We physicians are assigned a singular and mythic role by society. Humankind has delegated to us the job of chief guardian of the people’s health. This is a sacred charge which requires that each day we summon the energy and fortitude to recommit ourselves to care for, treasure, guide, empathize with, cultivate, listen to, nurture, speak meaningfully with, and value every patient we see. We need to do so with wisdom and compassion, talent and grace. Of course, we physicians are imperfect. We, too, are human. But we must strive to do the best we can. When we tangibly aim for that goal, our patients will see that we have tried.

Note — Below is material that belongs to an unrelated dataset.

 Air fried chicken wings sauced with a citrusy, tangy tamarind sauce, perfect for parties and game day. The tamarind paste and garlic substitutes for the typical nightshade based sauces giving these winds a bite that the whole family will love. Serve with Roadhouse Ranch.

Despite my best efforts, I have made mistakes, far more than I would have imagined 35 years ago when I innocently strolled away from the halls of medical school. These mistakes haunt me every day of my life. They live deep within my soul, an omnipresent shadow. Integral to the role I play as physician is the fact that people place the life and their fate into my hands, naively trusting me to know what to do. But there were times I failed. While it was never deliberate, and sometimes not foreseeable, I betrayed the trust and fumbled the responsibility. And at times these missteps were directly or indirectly fatal. I tell myself that to err is human, but knowing I am personally responsible for the deaths of people who would otherwise be alive today is inescapably humbling.

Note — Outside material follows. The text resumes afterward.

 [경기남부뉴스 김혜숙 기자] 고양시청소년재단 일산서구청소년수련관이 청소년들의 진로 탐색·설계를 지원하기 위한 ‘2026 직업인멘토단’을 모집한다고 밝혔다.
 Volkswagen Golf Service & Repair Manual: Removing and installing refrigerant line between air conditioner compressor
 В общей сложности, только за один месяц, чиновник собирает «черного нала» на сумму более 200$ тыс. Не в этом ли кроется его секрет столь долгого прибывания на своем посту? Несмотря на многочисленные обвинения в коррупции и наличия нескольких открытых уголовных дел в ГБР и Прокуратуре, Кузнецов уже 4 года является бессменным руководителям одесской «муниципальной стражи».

I cannot be a physician alone, a savior unto myself. My job would be impossible without the close support and meticulous work of dozens of other professional caregivers — medical assistants, nurses, receptionists, psychologists, social workers, physical therapists, pharmacists, pharmacy techs, housekeepers, respiratory therapists, x-ray technicians, cafeteria workers, laboratory staff, managers, administrators, and many others — everyone who works under the roof of the medical center. Bar none. The single most profound influence on my ability to survive the workday and feel I actually accomplished something is how well my teammates do their job and how well we work together. They can make me. Or they can break me. Our interdependency is immutable.
In the same vein, my colleagues profoundly influence my professional satisfaction. I admit it. I am dependent. I am needy. I depend on my colleagues and I need them to be collegial. It is the rare patient I can care for alone for decades on end, without seeking the help of other physicians more knowledgeable than I in the secrets of urology, the mysteries of the skin, the back roads of the lungs, and the byways of the endocrine system. When a colleague adroitly accepts the baton, we all finish the race more quickly. When the baton is dropped, we look like fools.

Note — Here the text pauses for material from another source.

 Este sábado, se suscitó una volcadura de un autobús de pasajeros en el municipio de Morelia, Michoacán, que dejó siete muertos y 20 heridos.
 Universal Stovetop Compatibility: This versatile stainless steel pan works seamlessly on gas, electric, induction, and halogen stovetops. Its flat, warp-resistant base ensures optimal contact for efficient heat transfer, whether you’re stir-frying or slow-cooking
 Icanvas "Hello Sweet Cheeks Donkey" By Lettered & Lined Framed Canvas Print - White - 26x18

And, critically, how I function impacts the staff and my colleagues. I am impatient with the staff, if I raise my voice, if I am Mr. Grumpy, the staff rebel or woke they’re in a mudpit or both. Game lost. Or if I refer a patient to a colleague without first completing the best workup I can, without deploying my knowledge of medicine on behalf of the patient before I refer, then I make my colleague’s day gloomy and I stir up back hallway chatter about how primary care docs and just high-paid triage artists. I need to do my job also. Game on.
Resisting compassion fatigue is one of the hardest yet most important parts of the job. It is difficult to always seem interested and engaged, patient after patient, year after year, decade after decade. It is extremely challenging to show empathy for how bothersome each symptoms is, especially when one has heard the same thing thousands of times. It is nigh on impossible to listen carefully and gently to each patient’s story, since they don’t know how to present a coherent and cogent history, they don’t know what is important and what is chaff, and they don’t know when to stop. Especially when I am running 25 minutes behind and have four patients registered and waiting. But fighting against the attrition of compassion is crucial. It is second only to maintaining and developing one’s knowledge base of the science of medicine. First, know the science and know it well. Second, engage intimately with each patient. Validate and acknowledge their concerns, no matter how mundane. As hard as this is, we fail as physicians if we disinterestedly mumble our way through our days. Even if we think we’re smart.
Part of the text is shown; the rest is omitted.